= Baal Marqod =

Phoenician god of dancing

Baal Marqod (in Greek alphabet: ΒΑΛ ΜΑΡΚΟΔ, in Latin alphabet: BALMARCOD, restored in 𐤁𐤏𐤋 𐤌𐤓𐤒𐤃) was a Phoenician god of dancing. He is attested in Greek and Latin inscriptions from the Maronite monastery in Deir al-Qal'a (near Beit Mery), which was built on a sanctuary dedicated to Baal Marqod, built in the first century CE. Although 19th century scholar had made some different hypotheses of the nature of this god, he is commonly explained as "Baal of dancing" or "lord of dancing" (Baal is both a noun meaning "lord" and a divine name). The name is believed to correspond with his Greek title κοίρανος κωμων (κῶμοι implies games and dances). It is unknown whether he is called so because he was considered the creator of dancing or because dancing was merely the proper way to worship him.

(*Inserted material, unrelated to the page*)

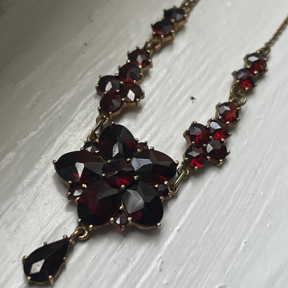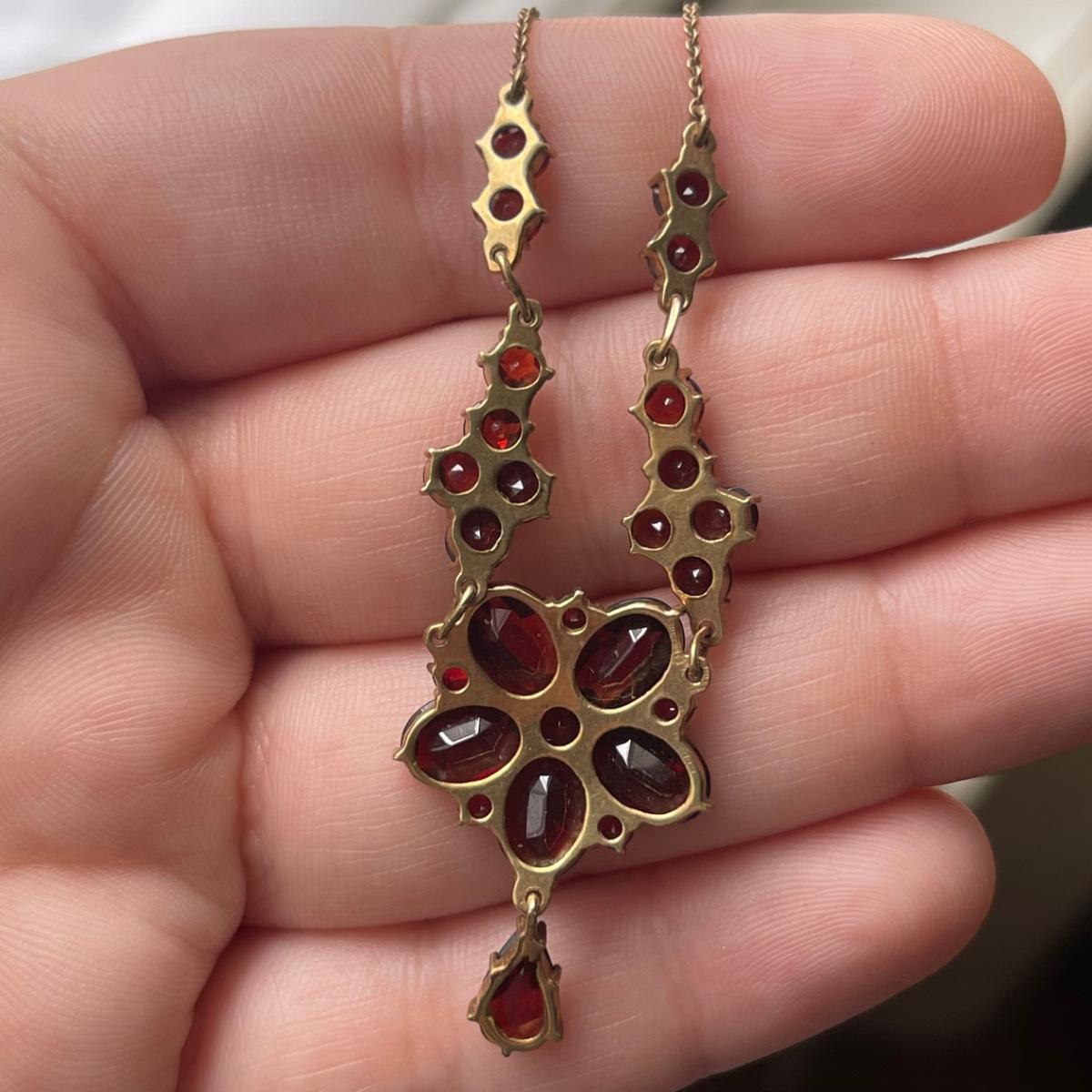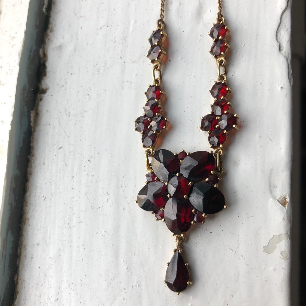 This matching set of garnet and gold clip on earrings and necklace were made in Germany. The garnets tested as garnets on a Presidium tester. The earrings have a 10k mark and the clasp is marked Germany with some other markings that are hard to distinguish.

The inscriptions often addressed him as "Iupiter Optimus Maximus Balmarcod" (not Jupiter Optimus Maximus Capitolinus). In one inscription he was called also Μηγριν, meaning threshing floor, as in Hebrew grn), and it may mean that Baal Marqod was also the protector of the crops.

Baal Marqod is mentioned in the modern play Le Martyre de saint Sébastien.